As the sweltering summer sunshine starts to fade and the cooler temperatures of fall starts to settle in, residents of Elk River start preparing their homes and yards for the the upcoming cold weather. For many, that leads to the question of whether they ought to cover their outside air conditioner for the winter.
While it may seem like a great idea, the fact is there are many reasons why you shouldn’t cover your AC unit in the winter. In addition to not being something you need to do, covering your outdoor air conditioning equipment can sometimes cause problems.
Here, the experts at Home Comfort Heating & Air share five reasons why covering your AC doesn’t need to be on your fall to-do list and what you should do instead.
1. Your AC Unit Isn’t Damaged by Snow
Outdoor AC units are designed to withstand harsh weather conditions like snow in the wintertime. These units are built with solid materials and components that can handle the outdoor elements without damage. The coils and fins of the unit are specially developed to resist corrosion, and the housing is manufactured to protect the internal components from moisture and debris.
2. Covering Your Air Conditioner Can Cause Mold
One of the reasons you should avoid covering your AC unit in the cold months is because doing so can trap moisture—which is not at all what you want in your outdoor unit. That’s because sealing moisture inside the unit generates the perfect conditions for mold and mildew to thrive.
Mold and mildew not only have a bad odor, but they can also present health risks, especially for household residents with respiratory issues or allergies. Plus, the unwanted moisture can corrode the internal components of the AC unit.
Instead of covering the unit, instead ensure proper drainage and keep the area around the unit cleared of debris, allowing for efficient airflow and preventing moisture buildup.
3. A Covered Air Conditioner Can Attract Animals
You and your family aren’t the only ones who make plans for winter. Animals that live around your home are also searching for a warm, cozy place to hide out for the wintry months. For many creatures, a covered air conditioner is an awesome winter dwelling.
Birds, mice, chipmunks and even rats frequently make nests inside covered air conditioners. Animals residing in a covered AC unit can cause many problems. Rodents can chew through wires, insulation and other components, causing damage that may require costly repairs. Debris animals bring into the AC to make themselves a warm and comfortable nest can obstruct airflow and ventilation, reducing the efficiency of the unit and potentially causing it to overheat. Moreover, animal droppings can result in unsanitary conditions and foul odors.
Leaving your air conditioner uncovered helps deter wildlife, because an uncovered AC gives them less shelter from chilly temperatures than a covered unit. That’s better for your air conditioner—and leaves you with less mess to clean up and things to repair when winter is over.
4. Covering Your Air Conditioner Restricts Airflow
Another reason not to cover your air conditioning equipment in the winter is because a cover limits airflow through the unit. Suitable airflow is vital for the AC system because it facilitates heat exchange and allows the unit to cool properly. When airflow is constrained, the system has to work harder to reach the desired temperature, causing greater energy consumption and strain on the components.
In addition, if you turn on your air conditioner without realizing that the outdoor unit is covered or because you simply forgot, it could result in a range of problems. One issue is that the lack of correct airflow could cause the compressor to overheat, resulting in its failure or damage. That’s why it is essential to ensure the outdoor unit is always cleared of any barriers and is not covered to maintain optimal airflow.
5. AC Maintenance Works Better Than Covering Your Air Conditioner
The bottom line is, it's lots more effective to do a little maintenance for your air conditioner than to cover your outside AC unit.
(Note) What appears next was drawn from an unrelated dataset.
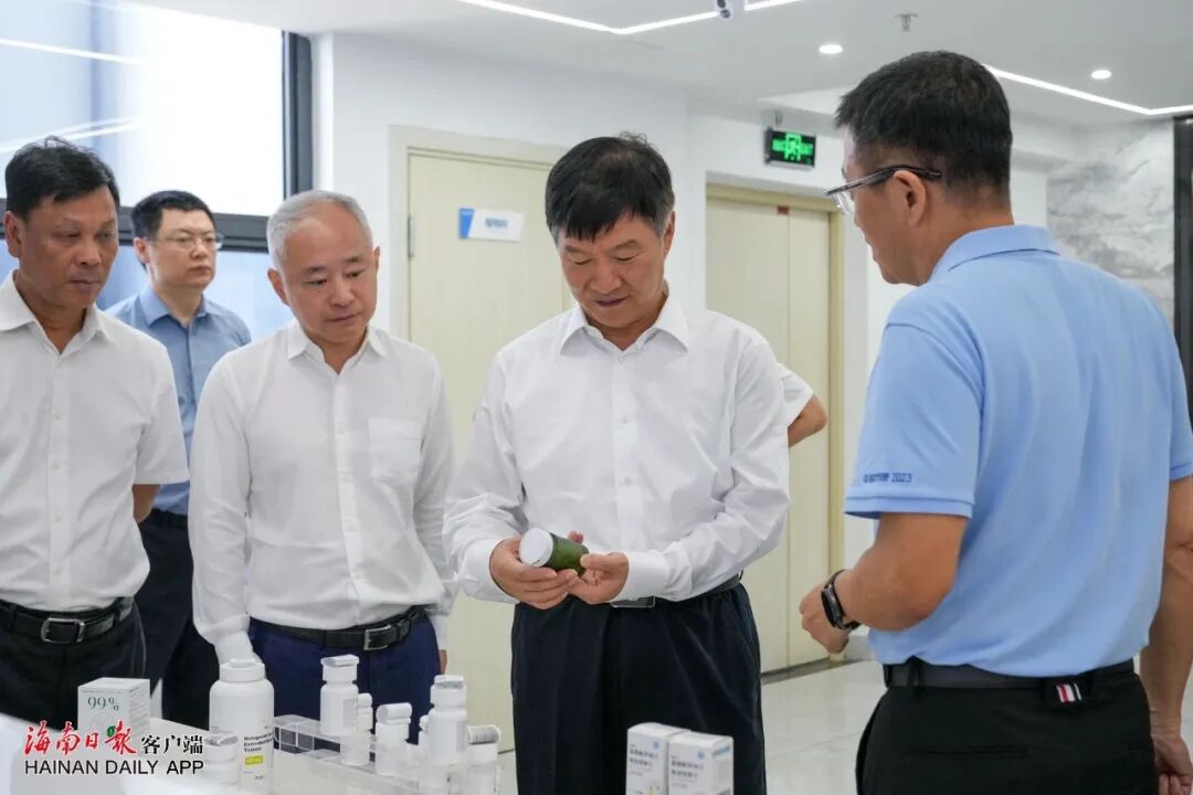 7月3日,海南省委副书记、省长刘小明一行莅临华益泰康药业股份有限公司就加快新质生产力重要实践地建设、推进上市公司高质量发展工作展开调研。海南省副省长陈怀宇,省政府党组成员、秘书长符宣朝,海口市委副书记、市长丁晖,中国人民银行海南省分行行长方昕,国家金融监管总局海南监管局局长王吴庆,中国证监会海南监管局局长李钢,省委金融办副主任管毅,省政府研究室主任霍沛军;华益泰康药业董事长诸弘刚博士陪同调研。

There are several key maintenance activities you should prioritize to ensure the best possible operation and longevity of your AC unit. First, it’s smart to examine your outdoor AC unit regularly and get rid of any debris such as leaves, twigs and dirt to allow proper airflow. Second, inspect and clean the coils, fins and filters to make sure they are free from dirt and dust buildup that would hinder effective heat exchange or airflow.
Scheduled air conditioning maintenance not only boosts efficiency, but it also helps extend the unit's life span, reduces energy consumption and avoids costly repairs. Rather than using a cover, investing time and effort into routine air conditioning maintenance is a proactive approach that can greatly benefit your entire HVAC system in the long run.